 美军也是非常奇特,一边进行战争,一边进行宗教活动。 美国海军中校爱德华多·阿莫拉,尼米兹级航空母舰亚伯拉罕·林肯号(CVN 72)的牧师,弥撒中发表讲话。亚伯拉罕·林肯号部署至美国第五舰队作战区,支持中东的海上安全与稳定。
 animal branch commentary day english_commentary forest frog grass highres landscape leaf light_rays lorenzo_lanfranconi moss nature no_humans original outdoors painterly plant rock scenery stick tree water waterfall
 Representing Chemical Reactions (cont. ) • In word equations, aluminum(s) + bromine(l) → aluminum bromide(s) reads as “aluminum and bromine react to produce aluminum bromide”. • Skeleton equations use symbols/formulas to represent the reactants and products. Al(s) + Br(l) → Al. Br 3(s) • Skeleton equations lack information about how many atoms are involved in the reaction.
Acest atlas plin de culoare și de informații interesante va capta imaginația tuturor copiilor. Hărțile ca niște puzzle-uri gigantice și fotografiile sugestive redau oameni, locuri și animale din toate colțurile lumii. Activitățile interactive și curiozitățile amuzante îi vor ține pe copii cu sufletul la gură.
========================
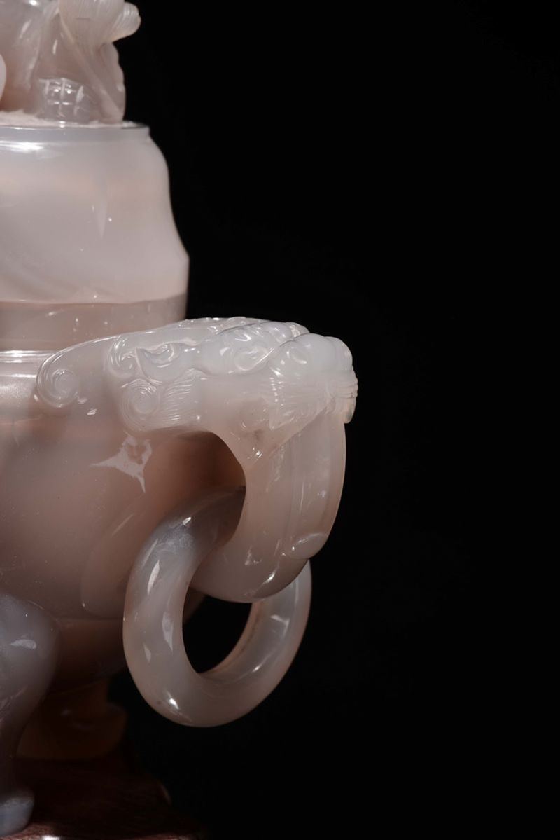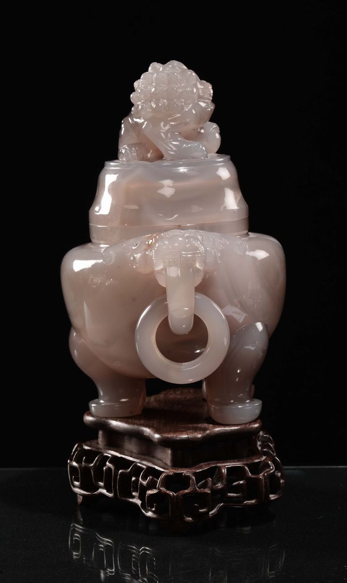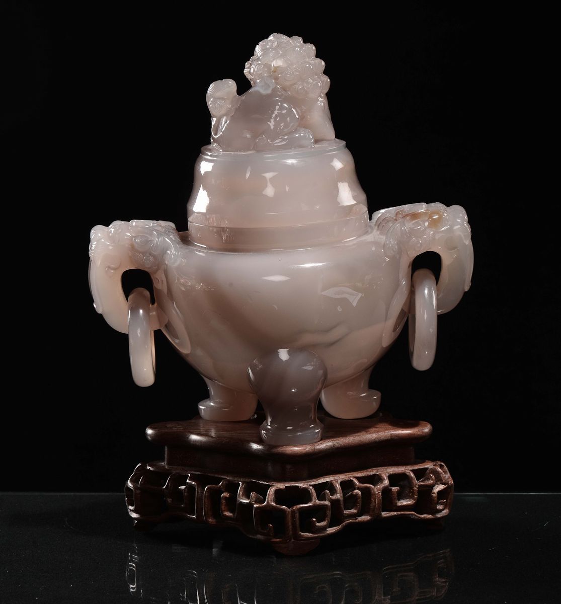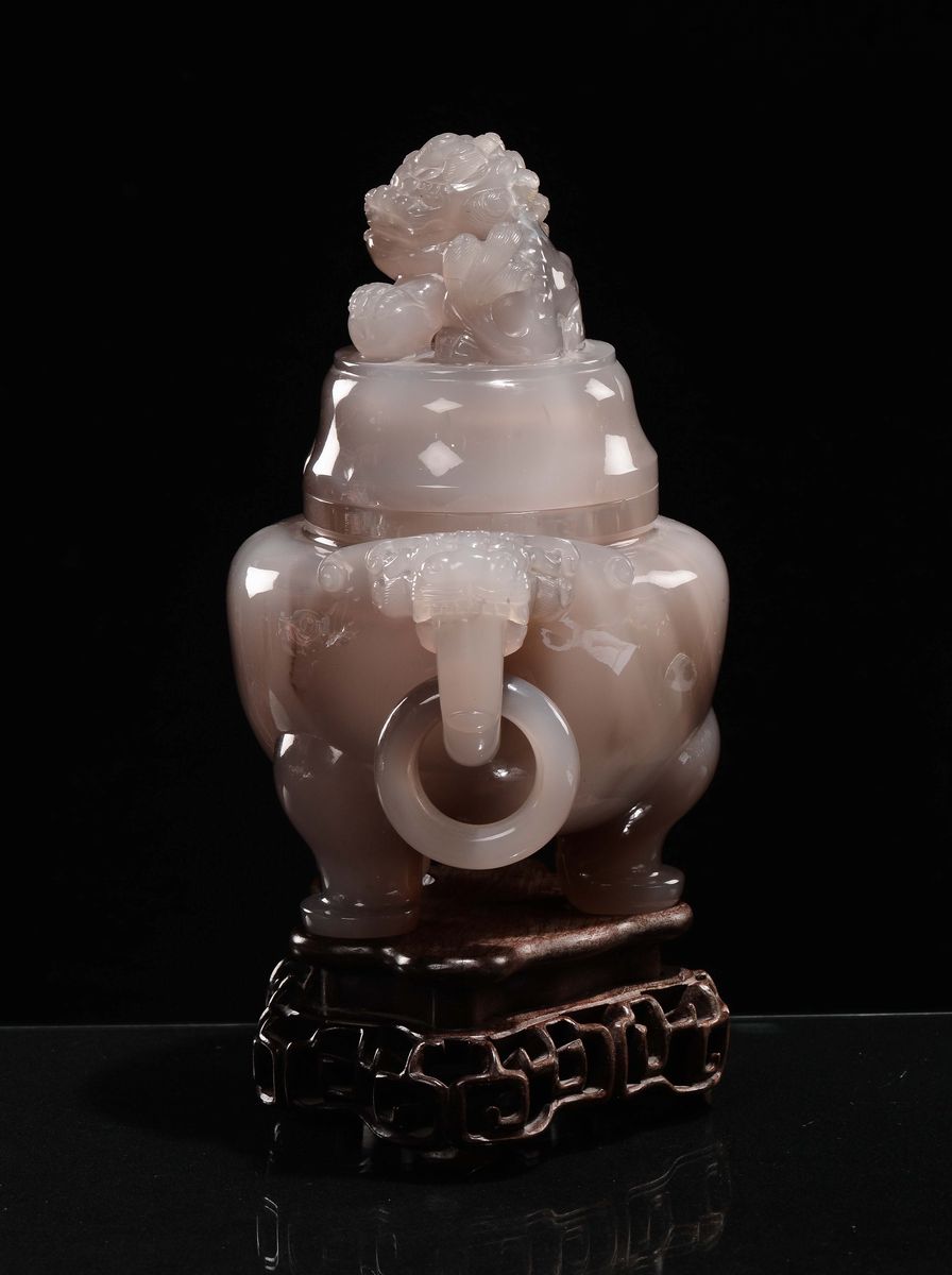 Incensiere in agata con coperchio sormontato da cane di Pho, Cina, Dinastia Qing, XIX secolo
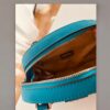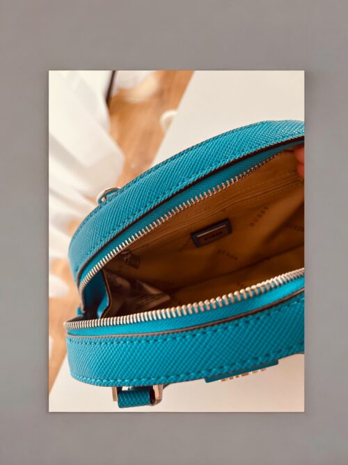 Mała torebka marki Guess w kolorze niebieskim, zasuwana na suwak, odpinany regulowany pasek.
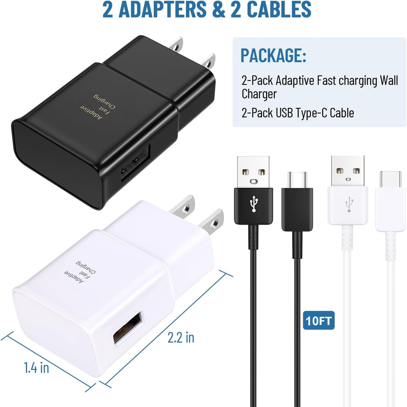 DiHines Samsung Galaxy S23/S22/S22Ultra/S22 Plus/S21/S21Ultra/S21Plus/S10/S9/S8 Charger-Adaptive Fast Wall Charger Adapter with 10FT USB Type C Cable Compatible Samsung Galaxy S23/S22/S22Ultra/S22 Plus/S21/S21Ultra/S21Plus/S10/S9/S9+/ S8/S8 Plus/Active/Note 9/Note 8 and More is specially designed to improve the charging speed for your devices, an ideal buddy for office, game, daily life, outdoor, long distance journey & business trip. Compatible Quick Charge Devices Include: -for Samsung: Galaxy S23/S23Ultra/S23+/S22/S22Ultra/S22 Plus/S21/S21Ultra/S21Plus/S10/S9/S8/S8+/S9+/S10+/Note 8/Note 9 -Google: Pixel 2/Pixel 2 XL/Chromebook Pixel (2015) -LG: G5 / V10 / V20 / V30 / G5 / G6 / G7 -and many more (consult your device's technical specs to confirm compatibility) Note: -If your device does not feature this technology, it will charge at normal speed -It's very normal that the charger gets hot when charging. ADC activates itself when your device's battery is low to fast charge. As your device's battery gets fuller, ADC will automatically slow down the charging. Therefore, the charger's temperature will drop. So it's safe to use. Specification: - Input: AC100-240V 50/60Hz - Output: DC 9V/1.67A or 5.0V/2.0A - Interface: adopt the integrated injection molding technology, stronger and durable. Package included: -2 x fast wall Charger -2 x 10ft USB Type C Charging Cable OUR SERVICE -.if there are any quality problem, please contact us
========================
DIRECTIONS ->
Copy only the lines above from the one containing "Incensiere in agata" through the one containing "Mała torebka marki", both included. Leave out the pictures.

TASK RESPONSE ->
 Incensiere in agata con coperchio sormontato da cane di Pho, Cina, Dinastia Qing, XIX secolo
 Mała torebka marki Guess w kolorze niebieskim, zasuwana na suwak, odpinany regulowany pasek.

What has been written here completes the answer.